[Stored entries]
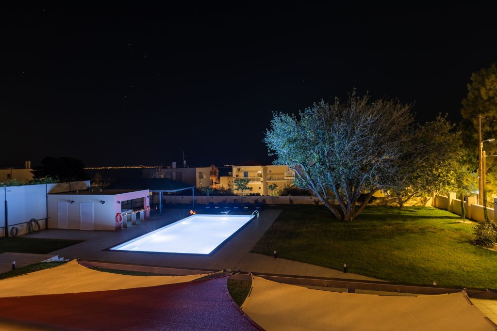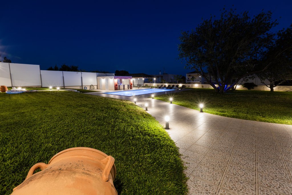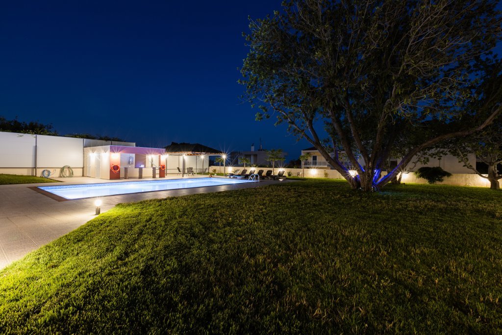 Η πισίνα και ο κήπος φωτισμένοι, δημιουργούν ιδανική ατμόσφαιρα για βραδινή χαλάρωση.
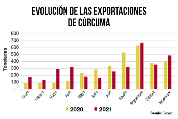 Entre enero y noviembre, las exportaciones peruanas de cúrcuma sumaron 3,367 toneladas por US$ 6 millones. En comparación con el año anterior, los envíos de la raíz crecieron 5% en volumen y 7% en valor. A pesar del incremento de la oferta, el precio de la cúrcuma creció 2%, hasta cotizarse en US$ 1.77 por kilogramo.
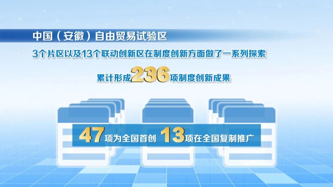 本着“大胆试、大胆闯、自主改”的原则,安徽自贸试验区3个片区以及13个联动创新区在制度创新方面做了一系列探索,累计形成236项制度创新成果,其中有47项为全国首创,13项在全国复制推广,以不到全省千分之一的面积,贡献了全省约25%进出口,三分之一的外商投资。
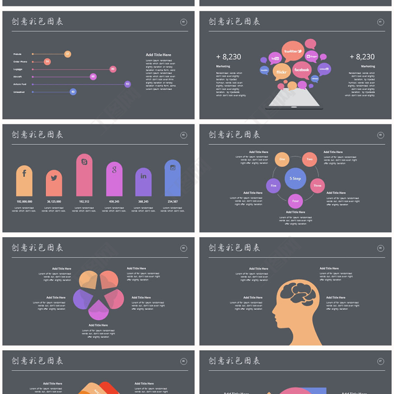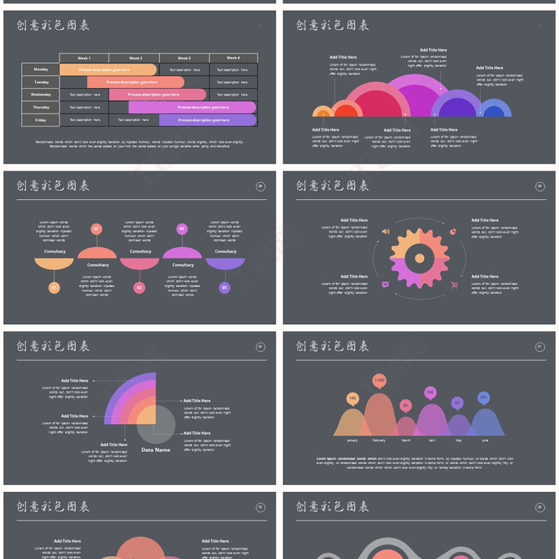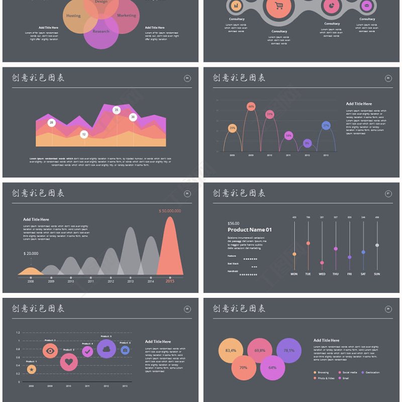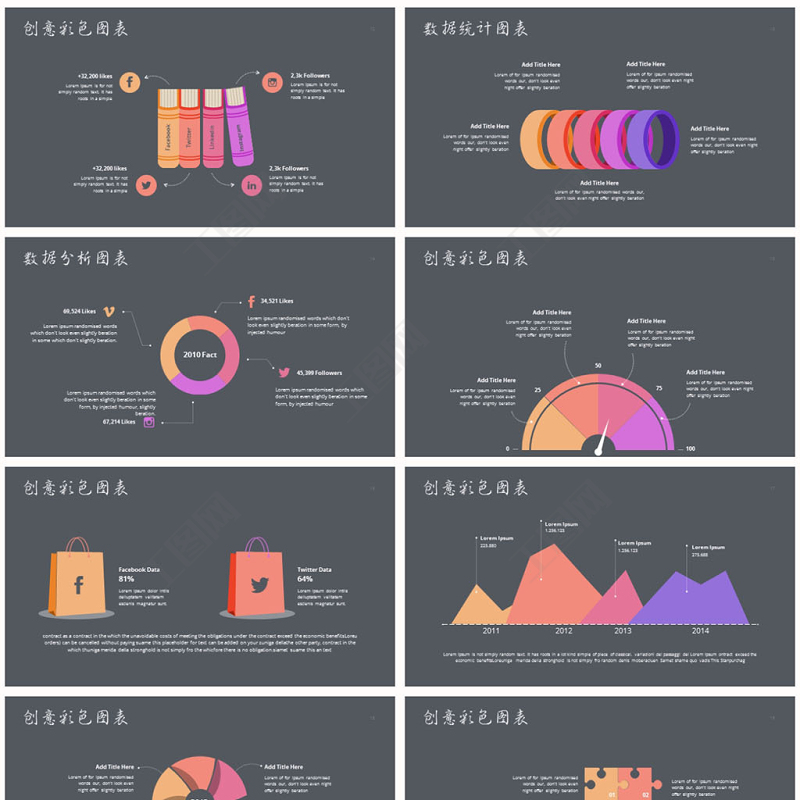 彩色動(dòng)態(tài)商務(wù)圖表數(shù)據(jù)分析ppt圖表模板 Array
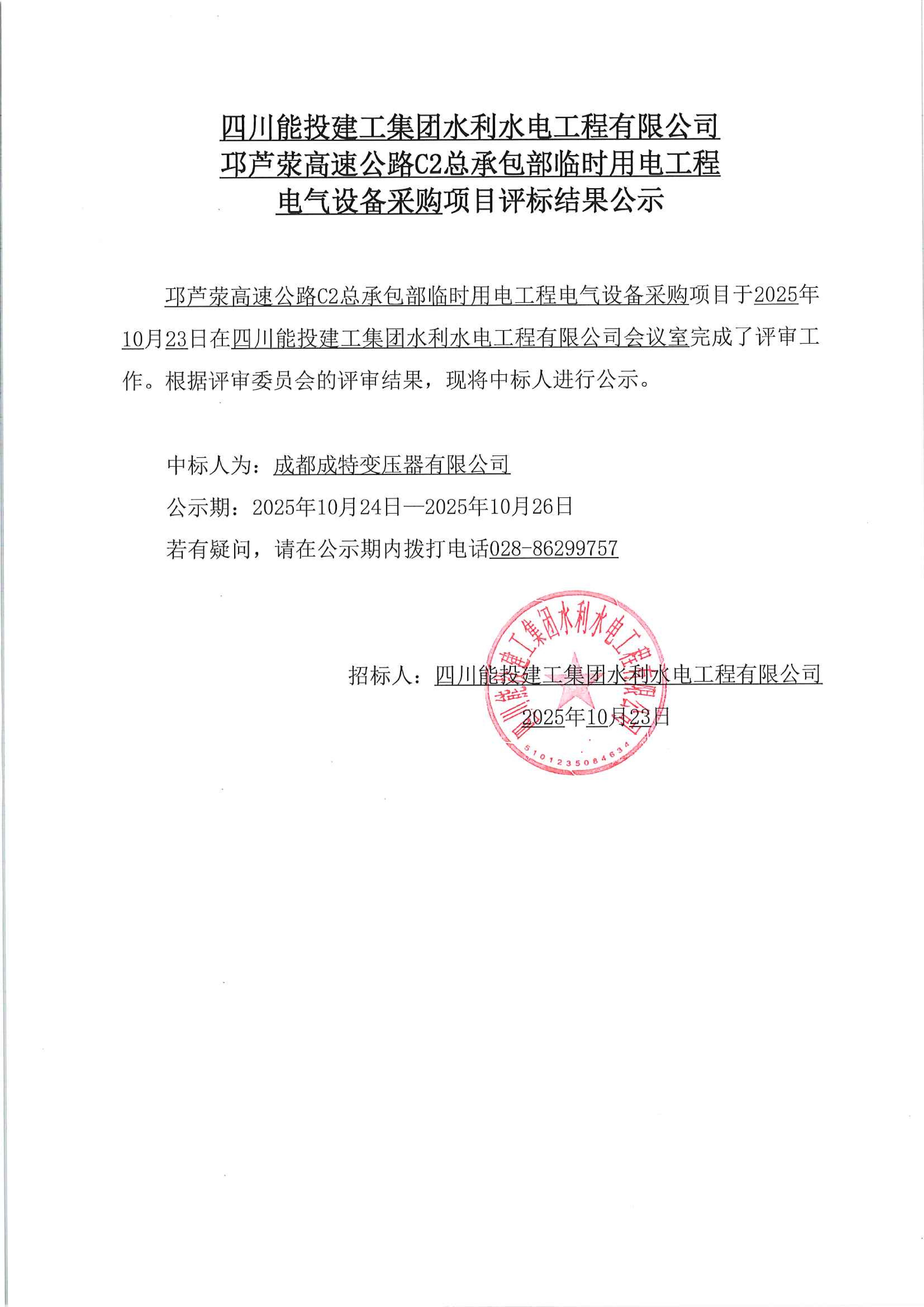 邛芦荥高速公路C2总承包部临时用电工程电气设备采购评标结果公示
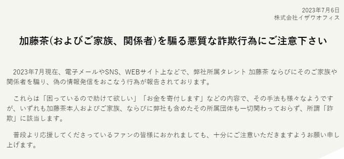 その内容については『「困っているので助けて欲しい」「お金を寄付します」などの内容で、その手法も様々なようですが、いずれも加藤茶本人およびご家族、ならびに弊社も含めたその所属団体も一切関わっておらず、所謂「詐欺」に該当します』と警告しています。
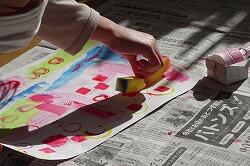 1年生が図工「スタンプ、スタンプ」で作品づくり
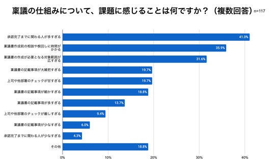具体的な課題を複数回答で尋ねたところ、「承認完了までに関わる人が多すぎる」が最多の41.0%でした。また、「稟議書作成前の相談や根回しに時間がかかる」が35.9%、「稟議書の作成が必要となる対象範囲が広すぎる」が31.6%と続きました。
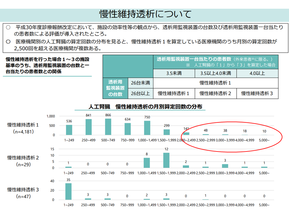 上記の「効率性」を踏まえれば、こうした「算定回数が非常に多い医療機関」は「効率的な透析医療を提供している」と考えられ、適正化(つまり低い点数設定)を行っていくことが考えられます。
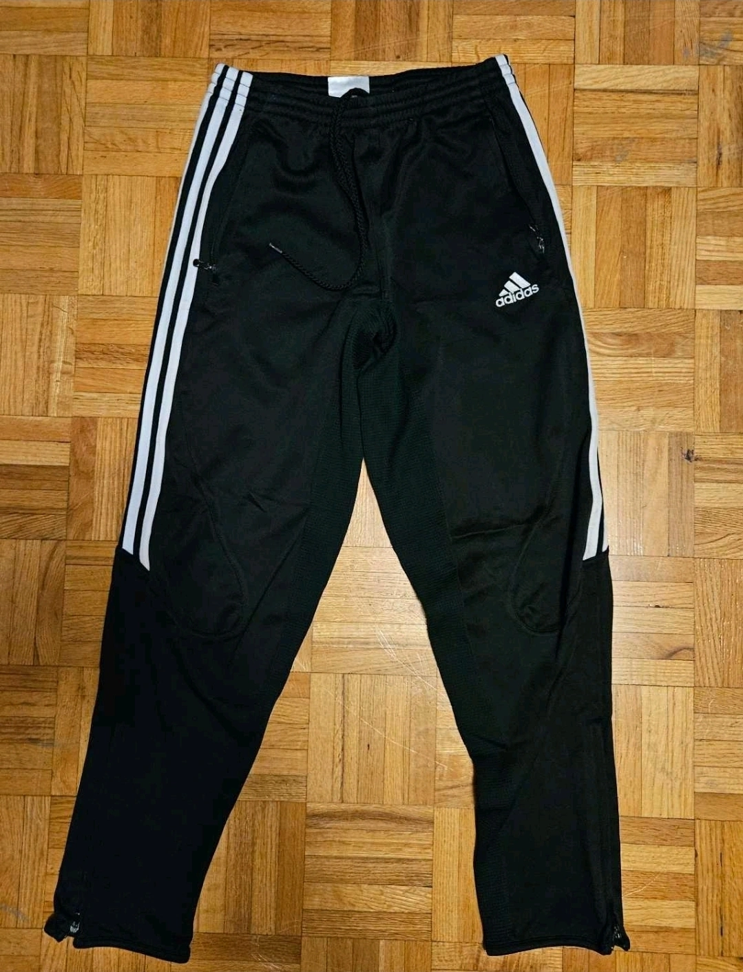 Adidas youths M track pants in black with the classic white stripes down the sides. These are great for sports or just lounging around. They have a drawstring waist and zip-up ankles Pick up in Whitby.. jeffery/dundas.. evening pick up .. no porch pick up

▶ [What needs to be done]:
Copy every line of the records exactly as it is written, but not the pictures.

▶ [Result]:
 Η πισίνα και ο κήπος φωτισμένοι, δημιουργούν ιδανική ατμόσφαιρα για βραδινή χαλάρωση.
 Entre enero y noviembre, las exportaciones peruanas de cúrcuma sumaron 3,367 toneladas por US$ 6 millones. En comparación con el año anterior, los envíos de la raíz crecieron 5% en volumen y 7% en valor. A pesar del incremento de la oferta, el precio de la cúrcuma creció 2%, hasta cotizarse en US$ 1.77 por kilogramo.
 本着“大胆试、大胆闯、自主改”的原则,安徽自贸试验区3个片区以及13个联动创新区在制度创新方面做了一系列探索,累计形成236项制度创新成果,其中有47项为全国首创,13项在全国复制推广,以不到全省千分之一的面积,贡献了全省约25%进出口,三分之一的外商投资。
 彩色動(dòng)態(tài)商務(wù)圖表數(shù)據(jù)分析ppt圖表模板 Array
 邛芦荥高速公路C2总承包部临时用电工程电气设备采购评标结果公示
 その内容については『「困っているので助けて欲しい」「お金を寄付します」などの内容で、その手法も様々なようですが、いずれも加藤茶本人およびご家族、ならびに弊社も含めたその所属団体も一切関わっておらず、所謂「詐欺」に該当します』と警告しています。
 1年生が図工「スタンプ、スタンプ」で作品づくり
具体的な課題を複数回答で尋ねたところ、「承認完了までに関わる人が多すぎる」が最多の41.0%でした。また、「稟議書作成前の相談や根回しに時間がかかる」が35.9%、「稟議書の作成が必要となる対象範囲が広すぎる」が31.6%と続きました。
 上記の「効率性」を踏まえれば、こうした「算定回数が非常に多い医療機関」は「効率的な透析医療を提供している」と考えられ、適正化(つまり低い点数設定)を行っていくことが考えられます。
 Adidas youths M track pants in black with the classic white stripes down the sides. These are great for sports or just lounging around. They have a drawstring waist and zip-up ankles Pick up in Whitby.. jeffery/dundas.. evening pick up .. no porch pick up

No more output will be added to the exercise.